Nickolai Zeldovich kolya@MIT.EDU
Sun, 18 Nov 2001 02:42:33 -0500


There once existed the NeXT fakestat hack from Transarc which (tried
to?) prevent the usual "things hang stat'ing /afs/*" lossage.  It'd
be nice to implement the same functionality in OpenAFS.  However I'm
having trouble figuring out how it worked.  Could someone familiar
with this hack clarify some things for me?

My main concern is the vcache entry returned upon a lookup call for a
mountpoint, and what Fid was returned in that vcache entry.  If the
mountpoint has not been evaluated, we must avoid performing a VLDB
lookup on the volume name (if it's a dead cell, the VLDB lookup will
block until it times out).  Therefore, we don't know what Fid to put
into the new vcache entry, which means that we can potentially create
multiple vcache entries for the root of the same volume.  This seems
like it could potentially lead to issues with locking and dcaches:
there are probably assumptions in the code about uniqueness of vcache
entries, and the locking order for multiple vcaches is "in increasing
vnode order".

Additionally, various vcache hash tables are based on the Fid, so the
entry will have to be rechained once we find the real Fid.  Also, all
VNOPs would have to check if the vnode's Fid has been found yet, and
if not, do EvalMountPoint, using vcache->mvid as the parent.  While
neither of these are impossible, I think this is far more complex
than the NeXT hack, from what I've heard.

An alternative implementation I've been considering would work like
this:

 * lookup() returns the mountpoint symlink vcache entry, with v_type
   fudged to VDIR.

 * getattr() fakes some reasonable-looking stat values for mvstat=2
   entries whose real volume root hasn't been found yet.

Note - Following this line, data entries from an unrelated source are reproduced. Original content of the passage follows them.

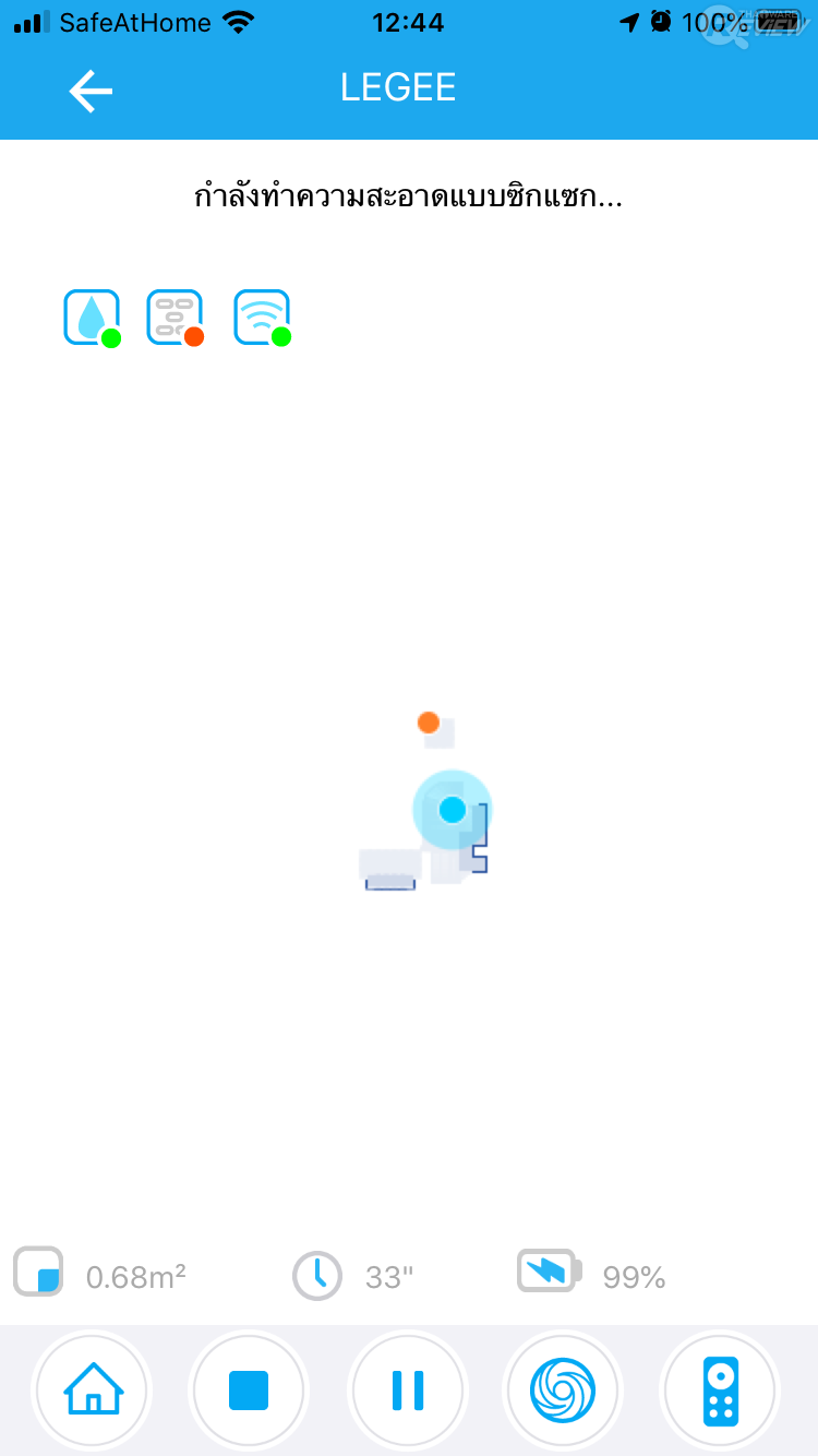 ด้านบนของตัวหุ่นยนต์จะมีไฟสถานะที่มีปุ่มควบคุมอยู่ 2 ปุ่ม ประกอบไปด้วย ปุ่มเริ่มการทำงาน และปุ่มกลับแท่นชาร์จ โดยปุ่มเริ่มทำงาน เราสามารถกดค้างเพื่อใช้จับคู่หุ่นยนต์กับสมาร์ทโฟนสำหรับการควบคุมผ่านแอปพลิเคชัน ได้ด้วย
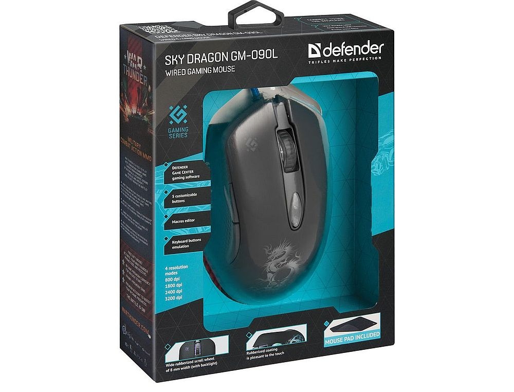 - проводная игровая мышь, подключение по USB, длина кабеля 1.8 м.;
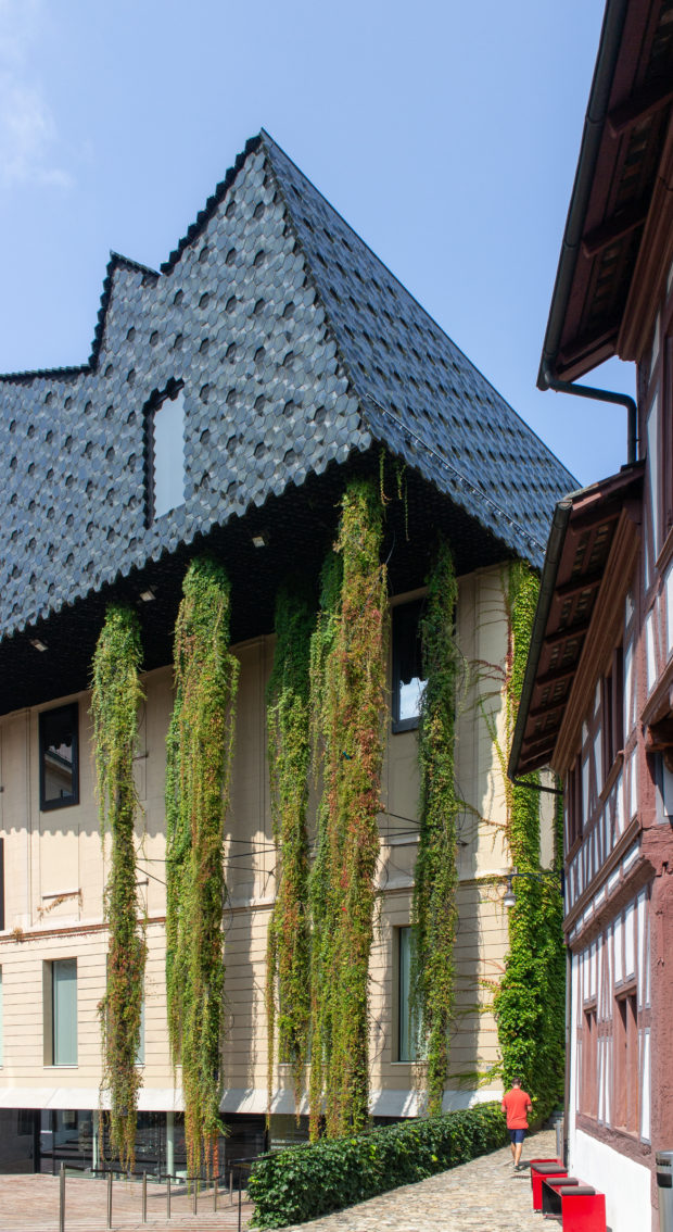 2011年以来、バーゼル市立文化博物館(MKB)の印象的な屋根は、狭い路地と角度のついた屋根が並ぶバーゼルの歴史的な街並みに特別なアクセントを加えている。

 * all other AFS VNOPs call a common function for mvstat=2 vnodes,
   which would (a) fill in vcache->mvid, like EvalMountPoint, and
   (b) return the real volume root vcache from afs_GetVCache.

This imposes a slight overhead for any operations with volume roots
(an additional GetVCache call for each VNOP).  I'm also not certain
if making mountpoint symlink vcaches VDIR instead of VLNK would break
anything..

Any comments on either the NeXT hack or my alternative scheme would
be appreciated.

-- kolya